Re: [PATCH v7 19/21] NFS: Convert readdir page cache to use a cookie based index

"NeilBrown" <neilb@xxxxxxx> · Fri, 25 Feb 2022 14:17:49 +1100

On Fri, 25 Feb 2022, Trond Myklebust wrote:
> On Thu, 2022-02-24 at 12:31 -0500, Benjamin Coddington wrote:
> > 
> > "The XArray implementation is efficient when the indices used are
> > densely
> > clustered; hashing the object and using the hash as the index will
> > not
> > perform well."
> > 
> > However, the "not perform well" may be orders of magnitude smaller
> > than
> > anthing like RPC.  Do you have concerns about this?
> 
> What is the difference between this workload and a random access
> database workload?

Probably the range of expected addresses.
If I understand the proposal correctly, the page addresses in this
workload could be any 64bit number.
For a large database, it would be at most 52 bits (assuming 64bits worth
of bytes), and very likely substantially smaller - maybe 40 bits for a
really really big database.

> 
> If the XArray is incapable of dealing with random access, then we
> should never have chosen it for the page cache. I'm therefore assuming
> that either the above comment is referring to micro-optimisations that
> don't matter much with these workloads, or else that the plan is to
> replace the XArray with something more appropriate for a page cache
> workload.

I haven't looked at the code recently so this might not be 100%
accurate, but XArray generally assumes that pages are often adjacent.
They don't have to be, but there is a cost.
It uses a multi-level array with 9 bits per level.  At each level there
are a whole number of pages for indexes to the next level.
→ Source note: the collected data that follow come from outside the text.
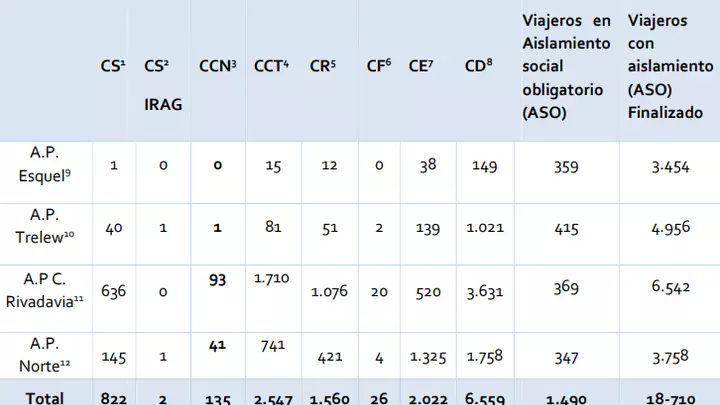 Se encuentran en estudio 824 casos sospechosos. Se descartaron 96 casos: 45 en AP Comodoro Rivadavia, 4 en AP Trelew, 43 en AP Norte y 4 en AP Esquel.
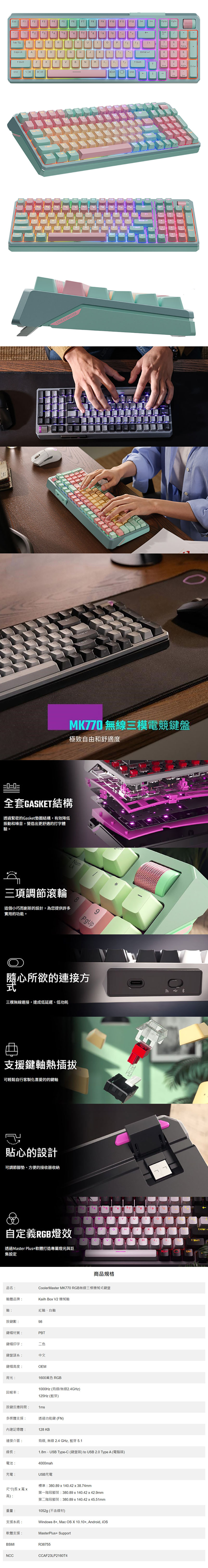 .Cooler Master MK770 三模鍵盤(馬卡龍)中文/白軸(MK-770-MCKW1) $3690↘$1911
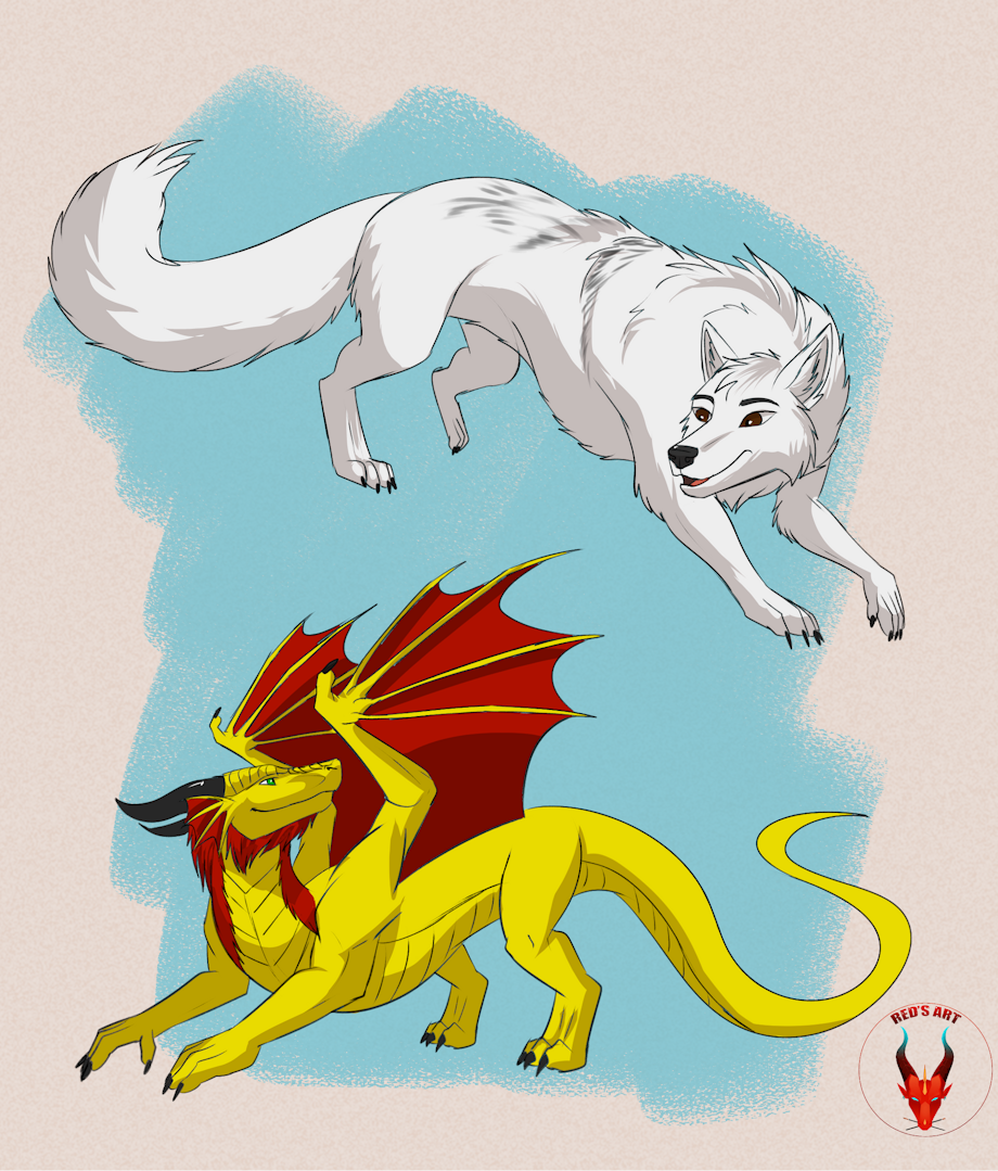 Hatched at a near exact same time (different eggs. Yes, the wolf was hatched from an egg) the two brothers have rarely been separated. And if so, not for long. Even sleeping together in the same bedding. If you see one of them, the other is not far behind (or is likely behind you). They never seem to fight or disagree with each other, can read the other brother like a book, and cooperate near perfectly with one another. Creating quite the series of stunts using one another as leverage, height, or even launching one up into hard to reach places.

If there are two entries, that are 2^45 separate, that is 5 levels of
indexing that cannot be shared.  So the path to one entry is 5 pages,
each of which contains a single pointer.  The path to the other entry is
a separate set of 5 pages.

So worst case, the index would be about 64/9 or 7 times the size of the
data.  As the number of data pages increases, this would shrink
slightly, but I suspect you wouldn't get below a factor of 3 before you
fill up all of your memory.

NeilBrown